Hello there. Yes, me. Megan. Slightly egocentric, wildly fabulous, and blessed with an oversized heart (and ego to match). Apparently this is my moment — a sort of curriculum (or whatever humans call it), so fine, I’ll play along.


Three years ago, life took a wild turn. I was living in a local trailer park with some humans who clearly didn’t understand royalty when they saw it. One morning, they woke up and decided I was no longer part of the décor. Their exact words? “Take your stuff, you’re out.” Can you believe it? No warning. No brunch. Just out.


Naturally, I declined. Firmly. So they called in a so-called “friend” — their version of a bouncer — to deal with me. Pathetic. This sad little man (truly, I pity him) turned up and dragged me off to Lisa, the crazy resident cat lady and full-time rescuer who lived just a few trailers down. He told her, and I quote, “Either you take her, or I’ll dump her outside the fences.”

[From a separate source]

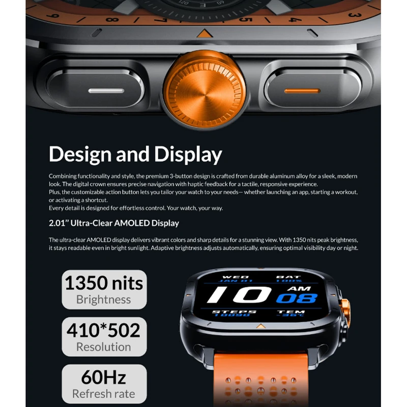 صفحهنمایش ۲.۰۱ اینچی TFT رنگی با رزولوشن ۴۸۰ × ۴۸۰ پیکسل و روشنایی بالا (تا ۶۰۰ نیت)، یکی از نقاط قوت اصلی است. این پنل رنگهای زنده، کنتراست مناسب و خوانایی عالی زیر نور مستقیم خورشید ارائه میدهد و از حالت Always-On Display (AOD) پشتیبانی میکند. شیشه مقاوم ۲.۵D در برابر خطوخش، ظاهری لوکس به ساعت میبخشد. استاندارد IP68 (مقاومت کامل در برابر گردوغبار و غوطهوری تا ۱.۵ متر به مدت ۳۰ دقیقه) آن را برای شنا، باران یا فعالیتهای outdoor ایمن میکند، هرچند برای غواصی عمیق مناسب نیست.
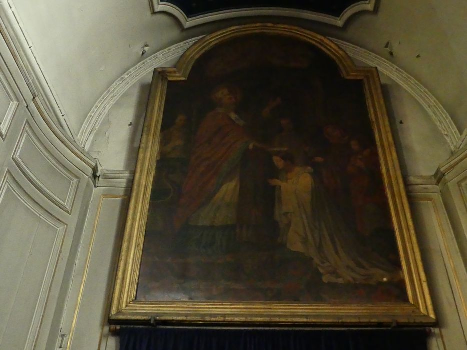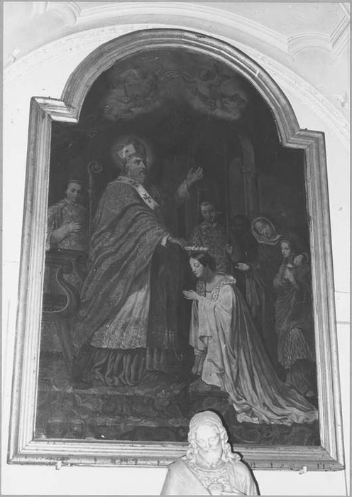 saint Médard ; évêque ; couronnement ; jeune fille ; agenouillé ; couronne ; rose ; intérieur ; église ; femme ; prêtre ; ange ; nuée

I mean... what?! Absolute caveman energy. Anyway, Lisa — hero, goddess, actual queen — scooped me up, rolled her eyes at the barbarian, and rushed me straight to Ellen’s.


And folks… I kid you not.


Heaven.


A sanctuary. A five-star, all-inclusive spa for brats like me. From the moment my glorious paws touched the floor, I was hugged, kissed, fed, fluffed, praised… I looked around and thought,

“Trailer park who? Dump me where? Sign me in — I’m never leaving.”


A little about me: I’m stunning. Obviously. I’m healthy — no drama, no trauma.

I do suffer from a mild case of It’s All About Me Syndrome, but who doesn’t these days?

I run a tight ship here. I hand out complimentary slaps to freeloaders who forget their place — purely as a service, of course. A light reminder that this palace? Mine!


But don’t get me wrong — I’m sweet. Cuddly, even. Especially with my new humans. I sleep in pole position in my dad’s bed. And by “pole position” I mean on the pillow. Next to his head. Like the royalty I am.


So that’s me. Megan.


Come by and say hi when you visit. You bring snacks, I’ll bring the charm (and maybe a slap if you get fresh — fair warning).